Examples include: PHP, Perl, Python, JScript and JavaScript, Erlang, JCL, AppleScript, Ruby, Tcl, Lua, Rexx etc

Job control languages and shells: JCL or Job Control Language is a programming language designed to control how jobs are executed by the computer processor. JCL is a language used to construct statements that identify a particular job to be run and specify the job's requirements to the operating system under which it will run.

Shell: a shell is a user interface for access to an operating system's services. In general, operating system shells use either a command-line interface (CLI) or graphical user interface (GUI), depending on a computer's role and particular operation.

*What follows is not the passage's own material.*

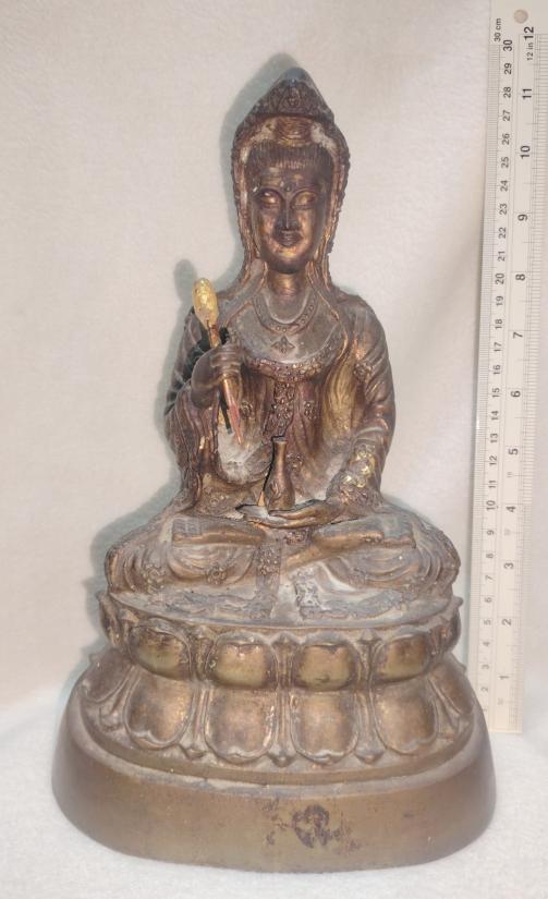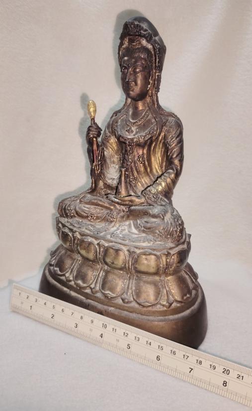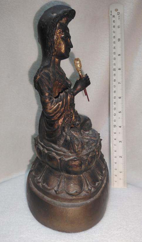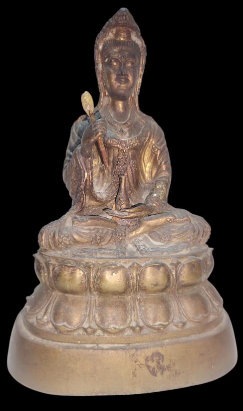 พระบูชาพระโพธิสัตว์เจ้าแม่กวนอิมปางประทานพรพรมน้ำมนต์จีวรดอกไม่ทราบที่หล่อได้หนาก้นดินไทยเก่ามีอายุเนื้อทองผสมเหมาบ้านมาเจ้าของเก่าบอกเป็นของวัดมังกรฆราวาส(เล่งเนยยี่)มือท่านถือก้านธูปในพิธีและเทียนชัยเสกเดิมๆได้มาแบยนี้เลยครับชอบพิจารณาแล้วใส่ราคาที่ใช่เลยครับท่านไม่แพงอย่างที่คิดในภาพมีเปิดแหลชกะแิดแฟลชแสงจะกลอกๆตาน่ะ

Application-specific languages:  An application-specific scripting language can be viewed as a domain-specific programming language specialized to a single application. Languages of this sort are designed for a single application; and, while they may superficially resemble a specific general-purpose language (e.g. QuakeC, modeled after C), they have custom features that distinguish them. Emacs Lisp, while a fully formed and capable dialect of Lisp, contains many special features that make it most useful for extending the editing functions of Emacs.

GUI scripting: with the advent of graphical user interfaces, a specialized kind of scripting language emerged for controlling a computer. These languages interact with the same graphic windows, menus, buttons, and so on that a human user would. They do this by simulating the actions of a user. These languages are typically used to automate user actions. Such languages are also called "macros" when control is through simulated key presses or mouse clicks.

Extension/embeddable languages: A number of languages have been designed for the purpose of replacing application-specific scripting languages by being embeddable in application programs. The application programmer (working in C or another systems language) includes "hooks" where the scripting language can control the application. These languages may be technically equivalent to an application-specific extension language but when an application embeds a "common" language, the user gets the advantage of being able to transfer skills from application to application. A more generic alternative is simply to provide a library (often a C library) that a general-purpose language can use to control the application, without modifying the language for the specific domain.

Importance of Scripting Language

Scripting languages are useful in achieving the following purposes;

1. They are used to interface different  applications i.e connecting two or more applications together, major function of glue scripting languages.

2. They are used to develop Shell (Command Line Interface (CLI)) to interact directly with the processor.

3. They are used to design simple and very interactive GUI (Graphic User Interface) interface.

4. Scripting languages are used in developing suitable web applications.

5. General purpose scripting languages such as Python, Perl, Ruby, PHP etc are used to program development environments (DE).

6. They are used in designing embedded systems or applications.